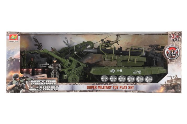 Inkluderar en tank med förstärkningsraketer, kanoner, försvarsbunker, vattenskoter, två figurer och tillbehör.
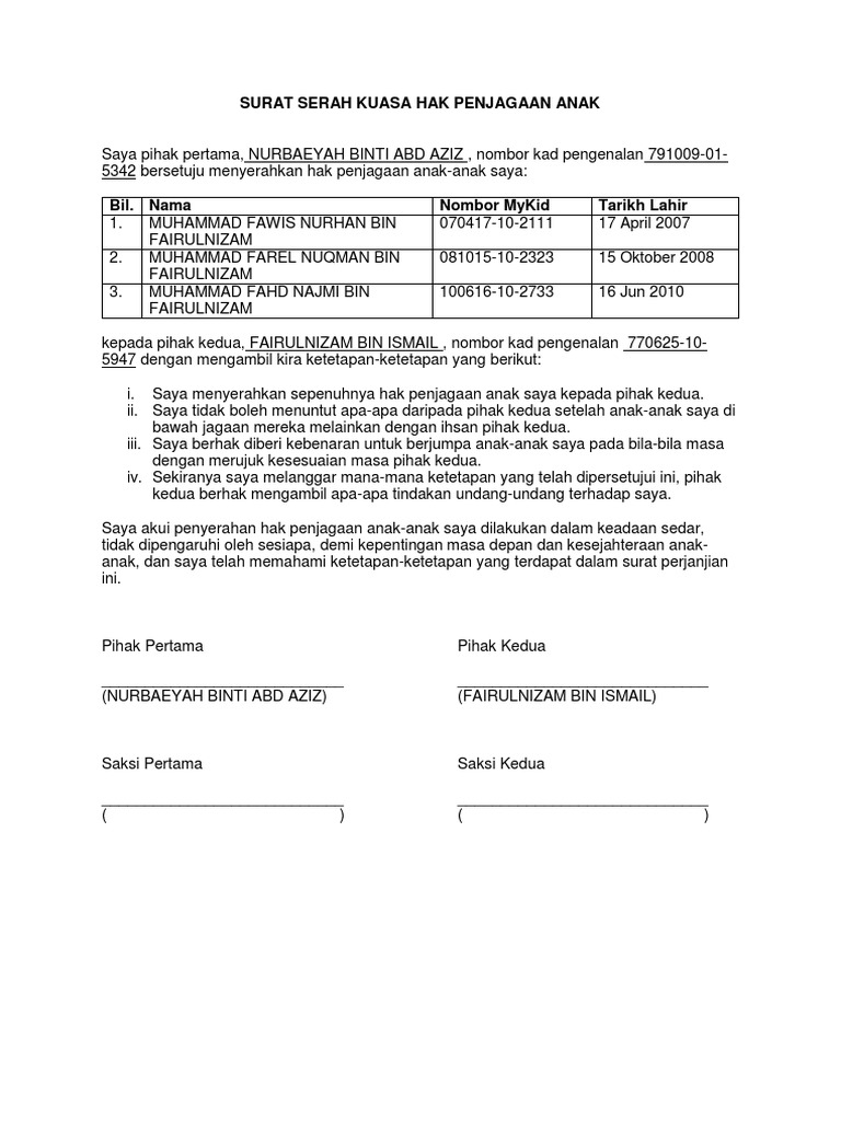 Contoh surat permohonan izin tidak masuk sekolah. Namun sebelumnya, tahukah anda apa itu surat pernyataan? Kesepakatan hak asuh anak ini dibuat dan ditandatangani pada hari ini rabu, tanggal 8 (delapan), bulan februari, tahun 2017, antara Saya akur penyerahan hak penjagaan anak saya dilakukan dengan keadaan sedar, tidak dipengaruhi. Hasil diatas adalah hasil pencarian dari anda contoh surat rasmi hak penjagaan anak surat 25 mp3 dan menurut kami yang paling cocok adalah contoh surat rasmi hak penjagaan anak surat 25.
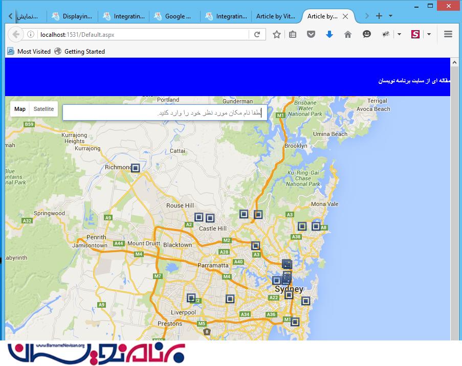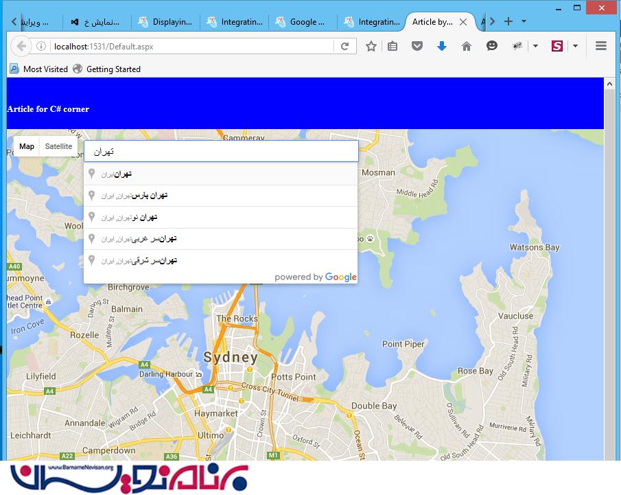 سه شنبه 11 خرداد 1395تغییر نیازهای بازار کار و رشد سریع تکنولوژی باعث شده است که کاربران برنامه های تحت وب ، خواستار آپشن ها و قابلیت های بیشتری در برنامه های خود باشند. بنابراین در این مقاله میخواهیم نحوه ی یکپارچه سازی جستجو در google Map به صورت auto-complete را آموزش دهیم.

▶ **Directions**
Repeat the material exactly and drop each image.

▶ **Result of this exercise**
 Inkluderar en tank med förstärkningsraketer, kanoner, försvarsbunker, vattenskoter, två figurer och tillbehör.
 Contoh surat permohonan izin tidak masuk sekolah. Namun sebelumnya, tahukah anda apa itu surat pernyataan? Kesepakatan hak asuh anak ini dibuat dan ditandatangani pada hari ini rabu, tanggal 8 (delapan), bulan februari, tahun 2017, antara Saya akur penyerahan hak penjagaan anak saya dilakukan dengan keadaan sedar, tidak dipengaruhi. Hasil diatas adalah hasil pencarian dari anda contoh surat rasmi hak penjagaan anak surat 25 mp3 dan menurut kami yang paling cocok adalah contoh surat rasmi hak penjagaan anak surat 25.
 سه شنبه 11 خرداد 1395تغییر نیازهای بازار کار و رشد سریع تکنولوژی باعث شده است که کاربران برنامه های تحت وب ، خواستار آپشن ها و قابلیت های بیشتری در برنامه های خود باشند. بنابراین در این مقاله میخواهیم نحوه ی یکپارچه سازی جستجو در google Map به صورت auto-complete را آموزش دهیم.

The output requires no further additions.